I love Memphis' design, it intrigues me a lot and honestly, I would have liked to live with him and be part of that world there. And then Vico Magistretti, Gio Ponti, Castiglioni. I loved the old Malpensa Airport because it had personality! I started to experience design differently in Milan, even though São Paulo is also very attached to this kind of art.

Tell us about your Milan: what inspires you the most?

The fashion. And the Duomo, I can't walk past it without stopping. I love walking around Milan, its medieval urbanism makes you turn in circles, it gives me a feeling of aggregation. I like discovering courtyards, peeking inside (even when I can't!); I like the flowered balconies and the architecture that identifies each neighborhood. The lifestyle is international and the sociability of the aperitif reminds me of Brazil. Being here also gives me the opportunity to experience many events 'at home', such as the Salone del Mobile or the Fashion Week. And it's great to be able to host my friends from Brazil; fashion and design become an opportunity to come together.

Mari a casa
Mari di Pilla in her home in Milan

The biggest difference between Milan and São Paulo

I have always found the two cities to be very similar, two extremely active realities. I would say that what changes is the point of view. São Paulo is an expanse of buildings, you can look out from the 15th floor and see this immense sea standing out all around you. If in Milan you look up, in São Paulo you look ever higher.

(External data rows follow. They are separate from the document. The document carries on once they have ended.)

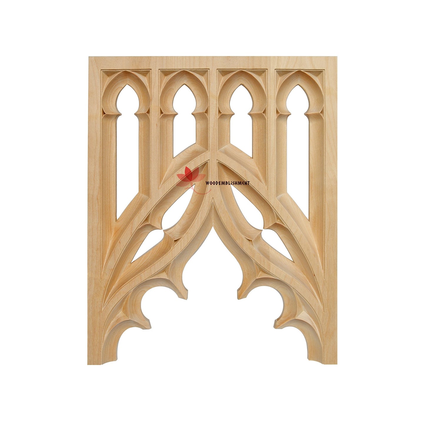 PAIR of PNL-40 Wood Carved Gothic Screen Arch Panels, 11"Wx14"H
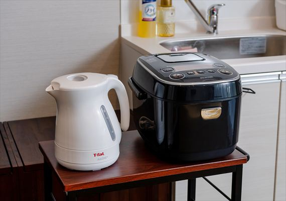| 全室共通の設備 | フリーWI‐FI テレビ 冷蔵庫 エアコン 電気ポット 洗面所 洗濯機 ユニットバス 温水洗浄機付トイレ ドライヤー 調理器具 食器類一式 炊飯器 電子レンジ |
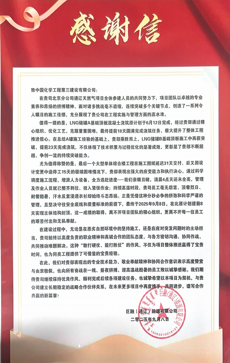 近日,华体会体育(中国)HTH·官方网站收到巨融(通辽)能源有限华体会体育(中国)HTH·官方网站发来的感谢信。信中高度评价北京分华体会体育(中国)HTH·官方网站承建的通辽能源120万吨/年液化天然气(LNG)项目(一期)建设工作,对项目部全体员工的辛勤付出表示衷心感谢,并希望双方继续携手打造精品工程。 项目自今年3月启动以来,面对复杂条件和严峻环境,北京分华体会体育(中国)HTH·官方网站巨融项目部全面推行一体化管控、穿透式监管,实现管理链条直达作业末端,确保指令清晰、响应迅捷、执行坚决、资源协同,为项目顺利推进奠定坚实基础。原计划于6月12日完成的LNG储罐A基础顶板混凝土浇筑任务提前18天圆满完成任务,有力拉动全线进展。在总结A罐成功经验的基础上,项目部乘势而上、再接再厉,在B罐基础顶板施工中再突破,提前23天告捷。综合楼施工过程中,在图纸延迟31天、设计变更停工15天的情况下,项目部通过动态调整工序、增强资源投入、高温时段连续作业等一系列措施,最终提前8天实现主体结构封顶,安全、质量全面受控,为同类项目树立了管理与执行新标杆,赢得了总包与业主单位的一致好评与认可。
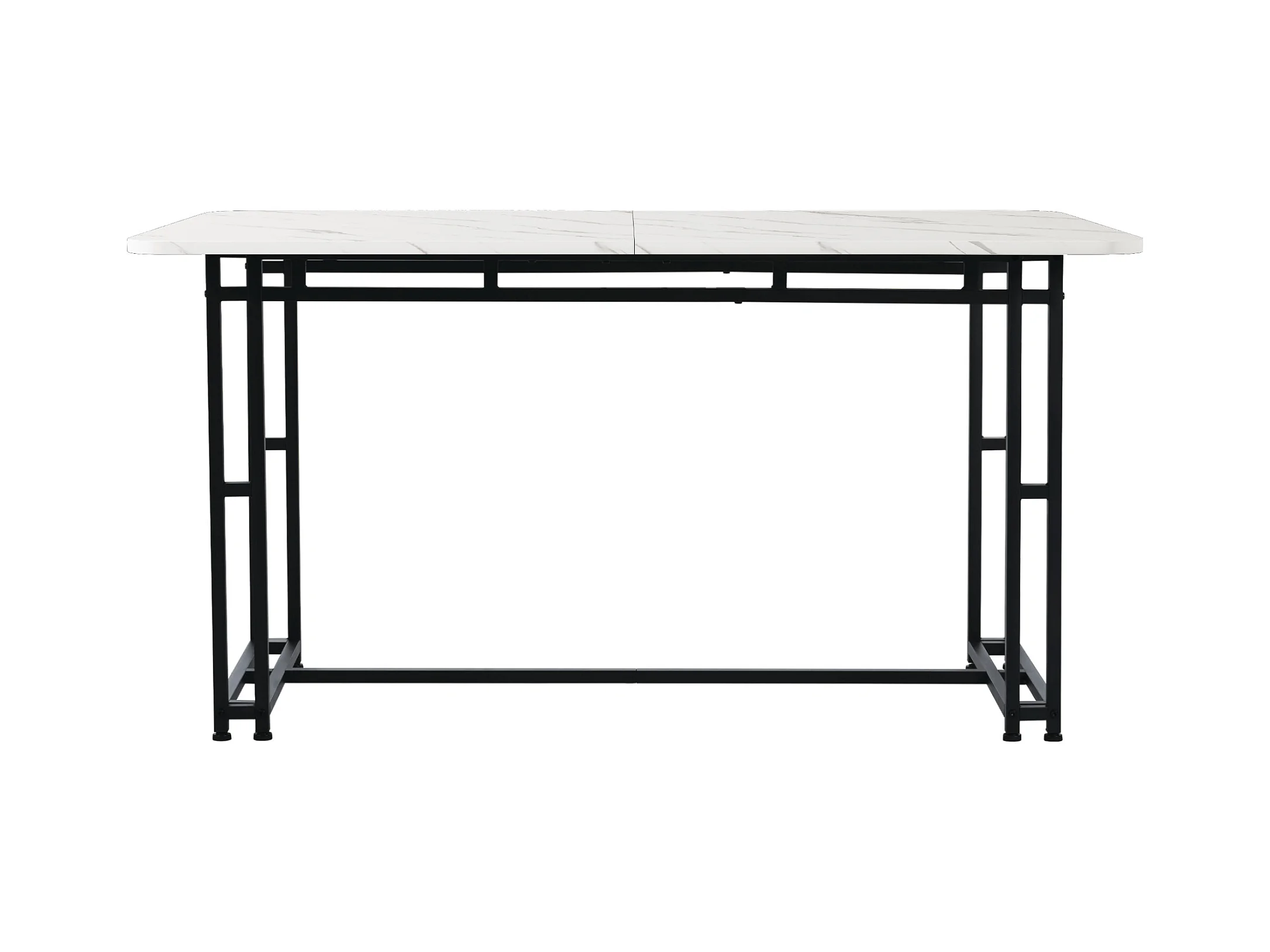 Table à manger 4 personnes 120x70cm en MDF,plateau en placage marbre blanc, pied en métal noir
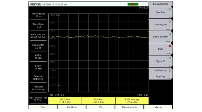 1. Press the Measurements main menu key, then press the RSSI submenu key to bring up the RSSI display. Press the RSSI key again to open the RSSI menu.
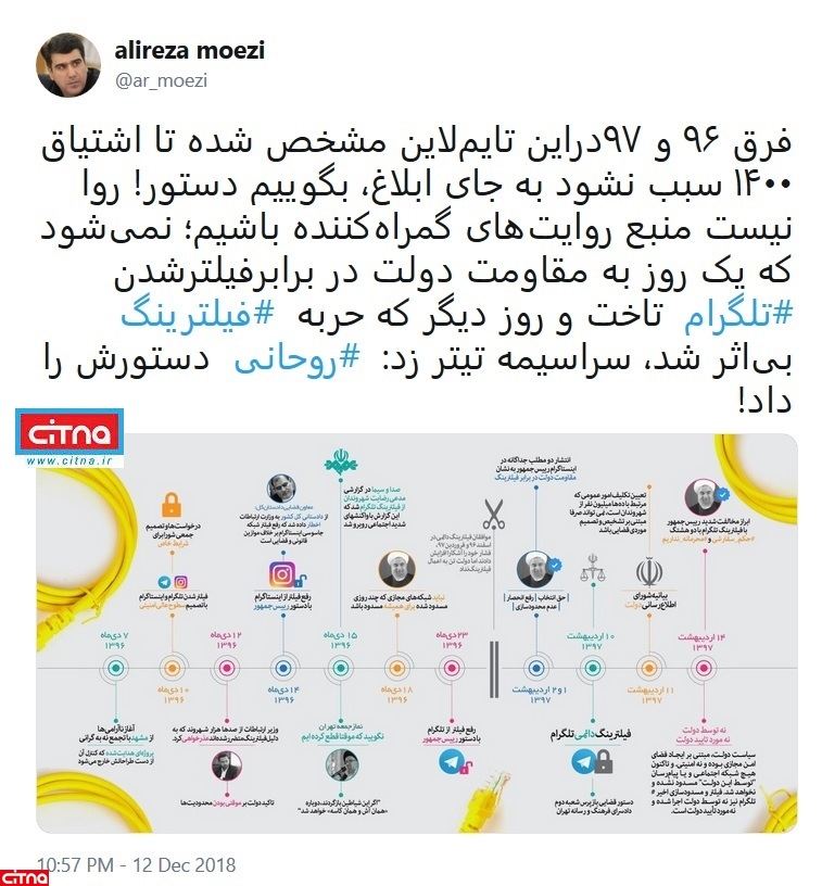 به گزارش سیتنا، «علیرضا معزی» دبیر شورای اطلاعرسانی دولت با انتشار این تایملاین، توئیت کرد:
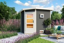 Saunahaus Mikka terragrau aus Fichtenholz mit Eckeinstieg in verschiedenen Ausführungen von KARIBU

Passions, free time, styles: what's your typical day here in Milan?

I start the day slowly. Having time for me means centering myself, and finding a balance. Then it's detox, a few exercises at home, a shower and off to the office. If I could, however, my life would be an eternal aperitif! In one of those authentic, unpretentious bars, drinking a Negroni or a Campari! On Sundays, on the other hand, 'I'm going for coffee', but that could mean anything! From a quick breakfast to a long brunch. It's one of my rituals to restore balance and tranquillity.

An accessory you can't live without?

I wear several rings, I alternate between them, but I'm never without them. I have three bracelets that I never change. I like the Italian character of eyewear, I find it a distinctive accessory. I wear sunglasses for aesthetics but also for protection, for example on the beach.

Mari a casaMari wearing our Lino Eco Black

You've always worked with trends, the newest releases and the changing ones: what do you think about fashion's impact on the environment? Is it possible to be cool without over-consume?

I like to look at sustainability as a trend that starts to become part of our day-to-day habits. So was over-consume and it had its consequences. Today we should consider our impact more. I avoid waste - especially in food - and try not to throw things away; instead, I try to give them a new life in pursuit of circularity. All we have to do is act responsibly, choosing to invest in the right things.